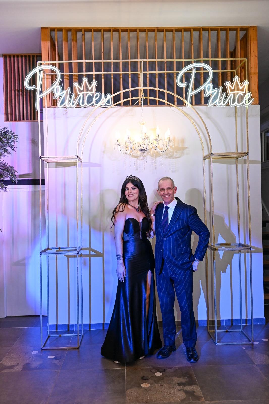 La location si è trasformata in una dimora principesca, con lampadari di cristallo, una struttura foto con scritte “Prince” e “Princess”, un’altalena da favola e una torta tutta in stile oro principesco. È stato un giorno magico!
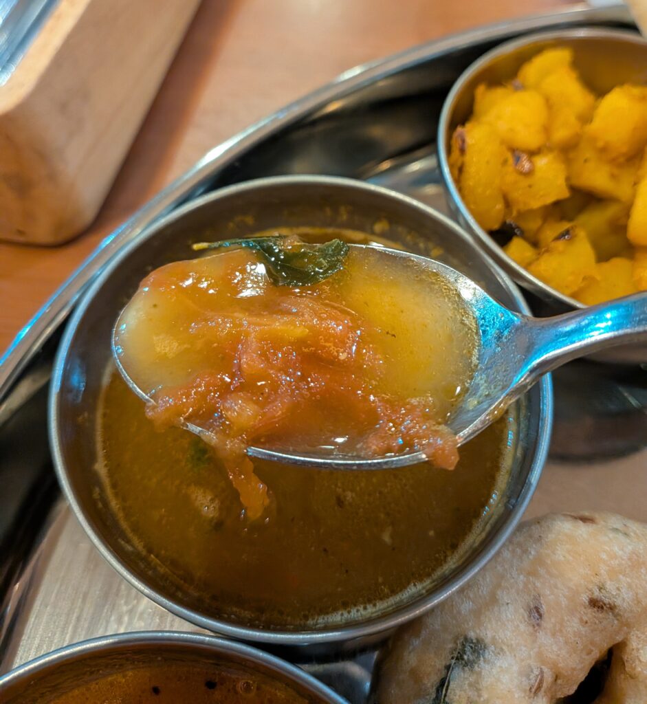 ミニドーサorパロタorチャパティ・ライス・メドゥワダ・サーンバール・ラッサム・ベジクルマ・
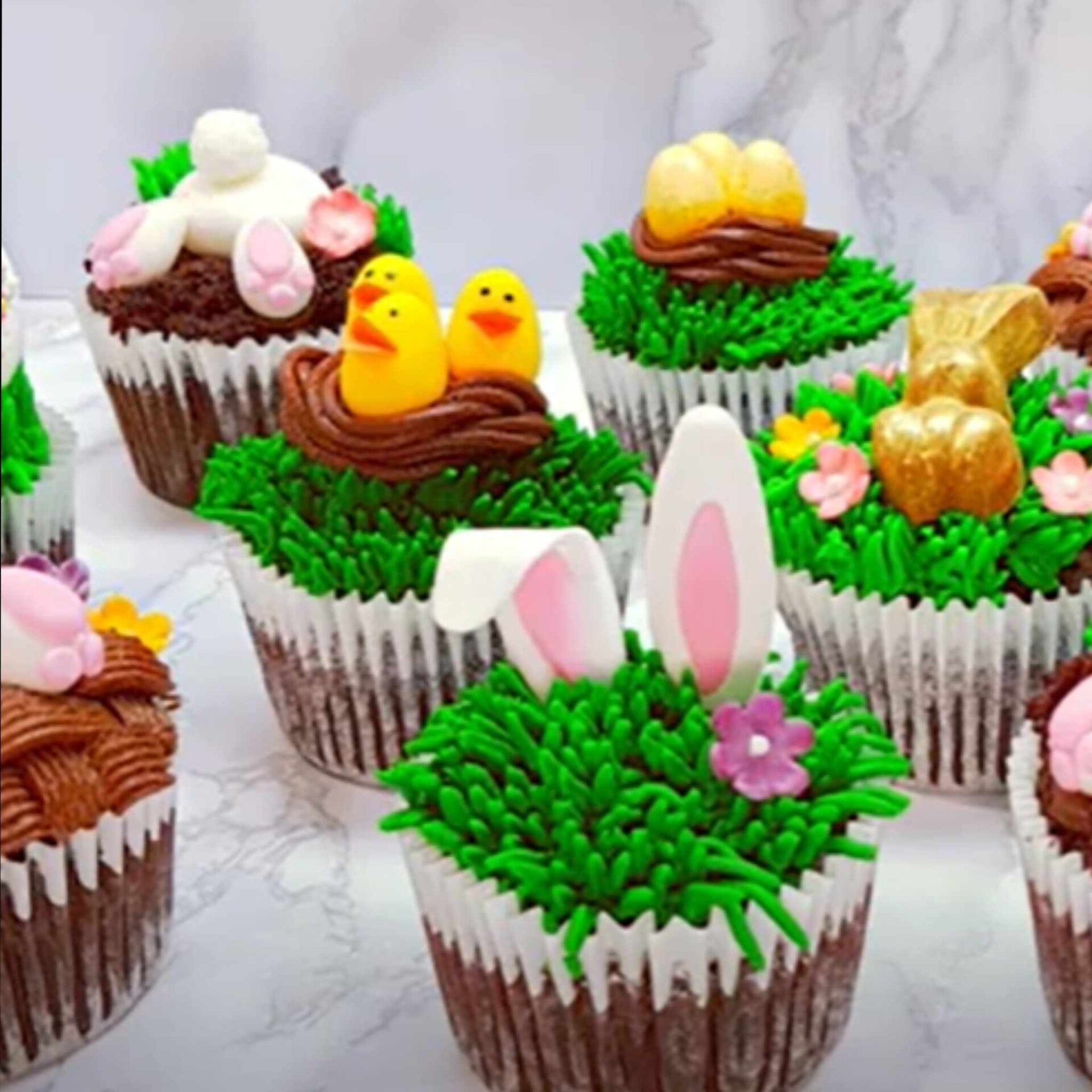 We decoreren 6 cupcakes in een Lente- / Paasthema.
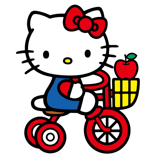 Hello Kitty rides a vibrant red tricycle, wearing a blue dress with a heart, complete with a basket holding an apple.DTF Transfers
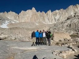 So, the five of us set out Sunday morning at 7:30 am, already an hour behind schedule. Some of us had camped at the Whitney Portal campground and some had stayed at a hotel in Lone Pine to get that one last shower in. It took a bit longer than expected for all of us to eat and pack up, pack down (lighten the load as much as possible) and try just one last time to poop before we start (if you’ve hiked Whitney, or really just backpacked in general, you’ll know why that matters). We got to the trail head, weighed our packs and finally got moving. Our packs were all pretty similar in weight. Jay’s was 32 lbs, Doug’s and mine were 34 lbs and Joe weighed in at 36 lbs. Spencer’s was only 25 lbs or so, but he’s only thirteen years old and sharing a tent with his uncle Jay, so that was to be expected.
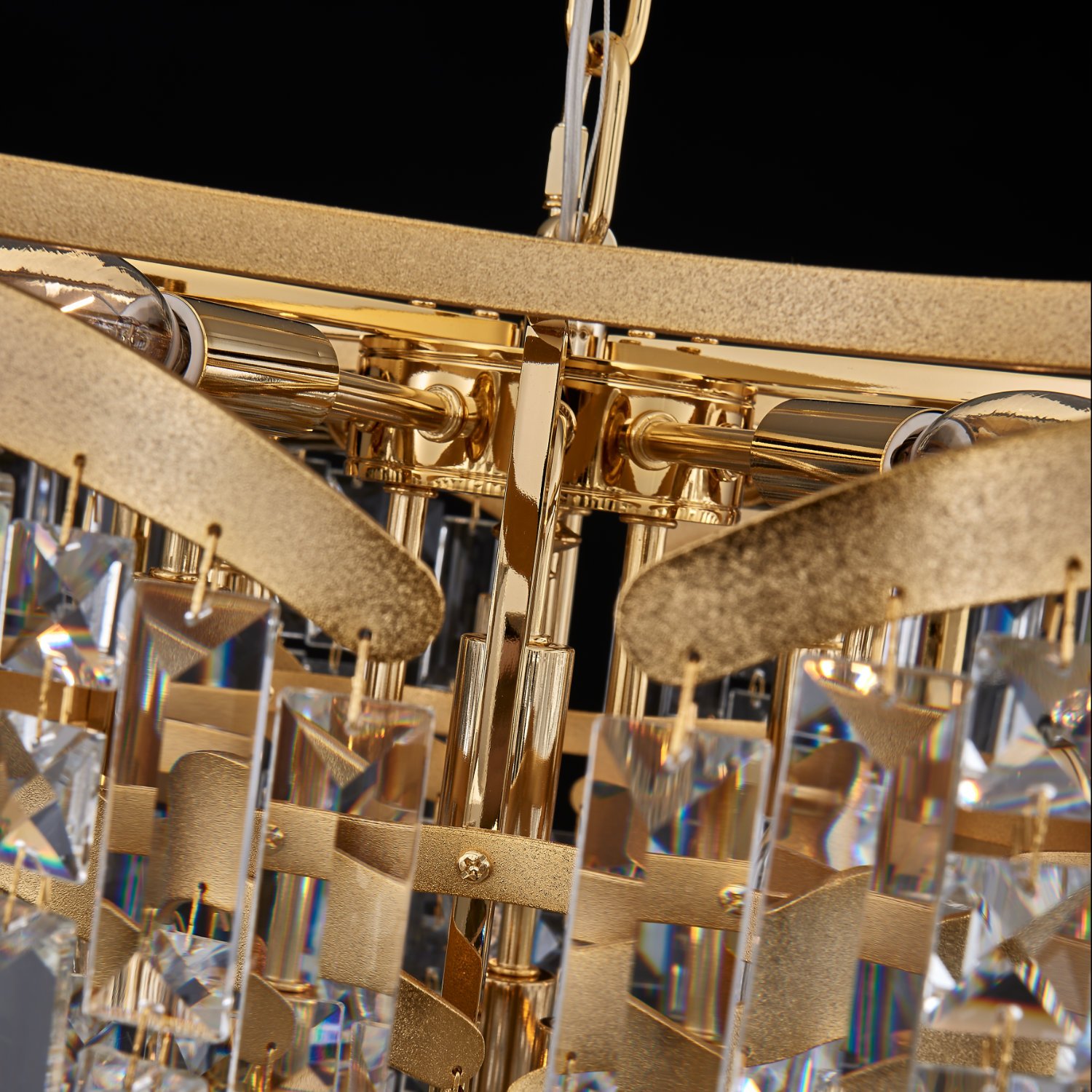 + Free ShippingThe Cadere Collection captivates the eye and sparks intrigue with its mesmerizing visual texture. Drawing inspiration from cascading waterfalls, this collection showcases vertical Firenze Crystals suspended from an undulating steel frame. Elegantly finished in gold, it is both stunning and thought-provoking.

═══

Task directions:
Look above for the line containing "We decoreren 6" and the line containing "Hello Kitty rides", then reproduce both and everything between them exactly, pictures omitted.

Exercise solution:
 We decoreren 6 cupcakes in een Lente- / Paasthema.
 Hello Kitty rides a vibrant red tricycle, wearing a blue dress with a heart, complete with a basket holding an apple.DTF Transfers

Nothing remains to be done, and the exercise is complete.